-- SOURCE MATERIAL --
=== Section Start ===

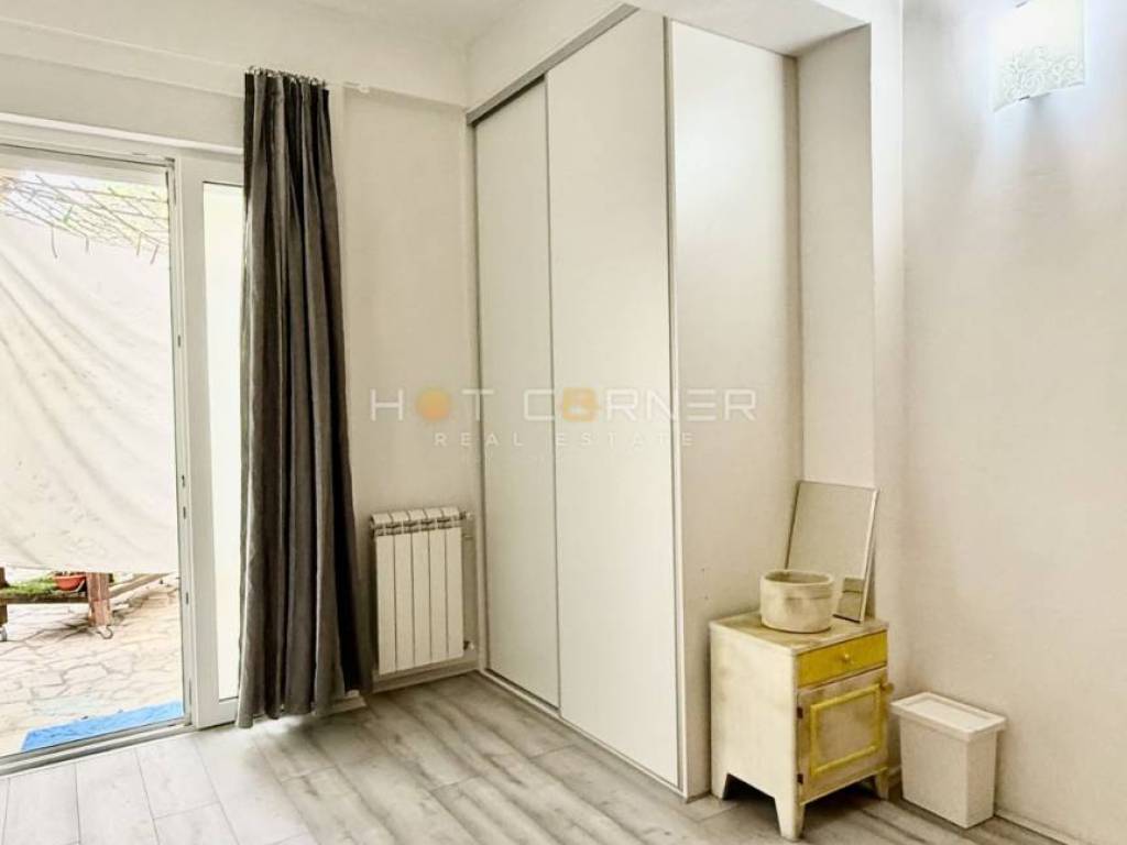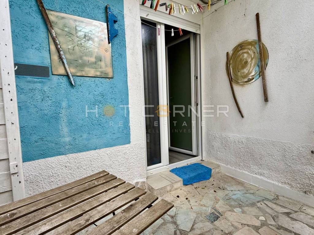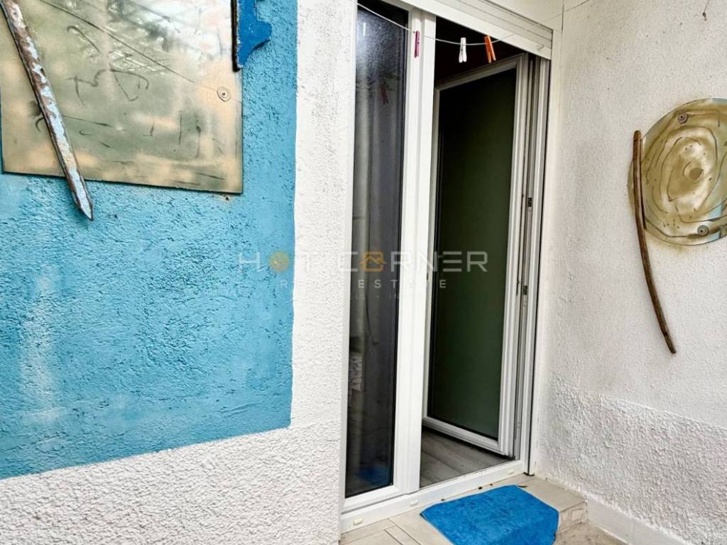 Die Wohnung befindet sich im Erdgeschoss und besteht aus einem Wohnzimmer, einer Küche, zwei Schlafzimmern, einem Badezimmer und einer kleinen Terrasse.
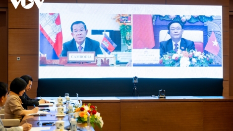 (VOVWORLD) - El líder de la Asamblea Nacional de Vietnam, Vuong Dinh Hue, conversó hoy por medios interactivos con Hun Sen, presidente del Partido Popular y titular del Senado de Camboya.
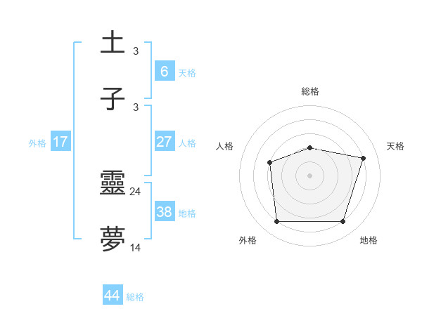 土子 靈夢さんの総格は44画の2点!
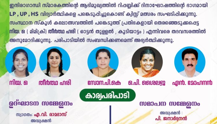 തലശ്ശേരി: പൊന്ന്യം പുല്ലോടി ഇന്ദിരാഗാന്ധി സ്മാരകമന്ദിരത്തിൽ 26 വെള്ളിയാഴ്ച റിപ്പബ്ലിക് ദിനാഘോഷവും അനുമോദന സദസ്സും നടക്കും.ഉച്ചയ്ക്ക് 2.30ന് ചടങ്ങുകൾ ആരംഭിക്കും.റിപ്പബ്ലിക് ദിനാഘോഷത്തിന്റെ ഭാഗമായി സ്കൂൾ വിദ്യാര്ത്ഥികൾക്ക് എൽ പി യു പി വിഭാഗങ്ങളിൽ ക്വിസ്സ് മത്സരം നടത്തും.

=== Section End ===

-- INSTRUCTIONS TO FOLLOW --
Pictures do not belong in the copy. Repeat exactly each line from the one with "土子 靈夢さんの総格は44画の2点!" through the end of the listing.

-- ANSWER SPACE --
 土子 靈夢さんの総格は44画の2点!
 തലശ്ശേരി: പൊന്ന്യം പുല്ലോടി ഇന്ദിരാഗാന്ധി സ്മാരകമന്ദിരത്തിൽ 26 വെള്ളിയാഴ്ച റിപ്പബ്ലിക് ദിനാഘോഷവും അനുമോദന സദസ്സും നടക്കും.ഉച്ചയ്ക്ക് 2.30ന് ചടങ്ങുകൾ ആരംഭിക്കും.റിപ്പബ്ലിക് ദിനാഘോഷത്തിന്റെ ഭാഗമായി സ്കൂൾ വിദ്യാര്ത്ഥികൾക്ക് എൽ പി യു പി വിഭാഗങ്ങളിൽ ക്വിസ്സ് മത്സരം നടത്തും.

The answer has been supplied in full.